RIPPER: a framework for MS1 only metabolomics and proteomics label-free relative quantification

Susan K Van Riper; LeeAnn Higgins; John V Carlis; Timothy J Griffin

doi:10.1093/bioinformatics/btw091

. 2016 Feb 18;32(13):2035–2037. doi: 10.1093/bioinformatics/btw091

RIPPER: a framework for MS1 only metabolomics and proteomics label-free relative quantification

Susan K Van Riper ^1,^2,^*, LeeAnn Higgins ³, John V Carlis ⁴, Timothy J Griffin ³

PMCID: PMC4920113 PMID: 27153682

Abstract

Summary: RIPPER is a framework for mass-spectrometry-based label-free relative quantification for proteomics and metabolomics studies. RIPPER combines a series of previously described algorithms for pre-processing, analyte quantification, retention time alignment, and analyte grouping across runs. It is also the first software framework to implement proximity-based intensity normalization. RIPPER produces lists of analyte signals with their unnormalized and normalized intensities that can serve as input to statistical and directed mass spectrometry (MS) methods for detecting quantitative differences between biological samples using MS.

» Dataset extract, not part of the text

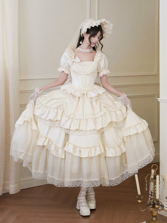 Slip Overdress Dress+Flutter Sleeves Neck Tiered Two-pieces Skirt Polka-dot Yume Kawaii Pink Set- Halter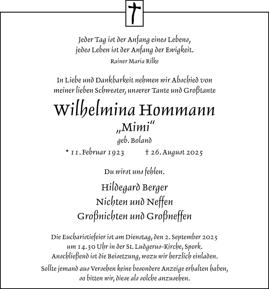Hier finden Sie alle Traueranzeigen aus der Zeitung, die bisher für Wilhelmina Hommann erschienen sind. Weitere Traueranzeigen, die in der Zeitung erscheinen, werden hier ebenfalls aufgelistet

Availability and implementation: http://www.z.umn.edu/ripper.

Contact: vanr0014@umn.edu

Supplementary information: Supplementary data are available at Bioinformatics online.

1 Introduction

Biological studies using liquid chromatography (LC) and high-resolution mass spectrometry (MS) have the potential to aid the investigation of molecular mechanisms by discovering biological markers. Two important ‘omics research areas utilizing LC-MS are metabolomics and proteomics; both face similar challenges in producing repeatable and reproducible data (Kall and Vitek, 2011). To address these challenges, we recently introduced proximity-based intensity normalization (PIN) (Van Riper et al., 2014). To implement PIN, we created a new quantitative framework, RIPPER, for label-free quantification (LFQ). RIPPER has since become a valuable in-house tool for new MS-based quantitative method development. Because RIPPER does not rely on analyte identification before quantification, users can process MS1-only data for proteomic MS-based studies and generate an inclusion list for directed MS-based identification. By simply adjusting properties through a graphical user interface, users can also use RIPPER to extract analyte information for metabolomic studies, statistically analyze the results, and conduct further fragmentation experiments on metabolites of interest.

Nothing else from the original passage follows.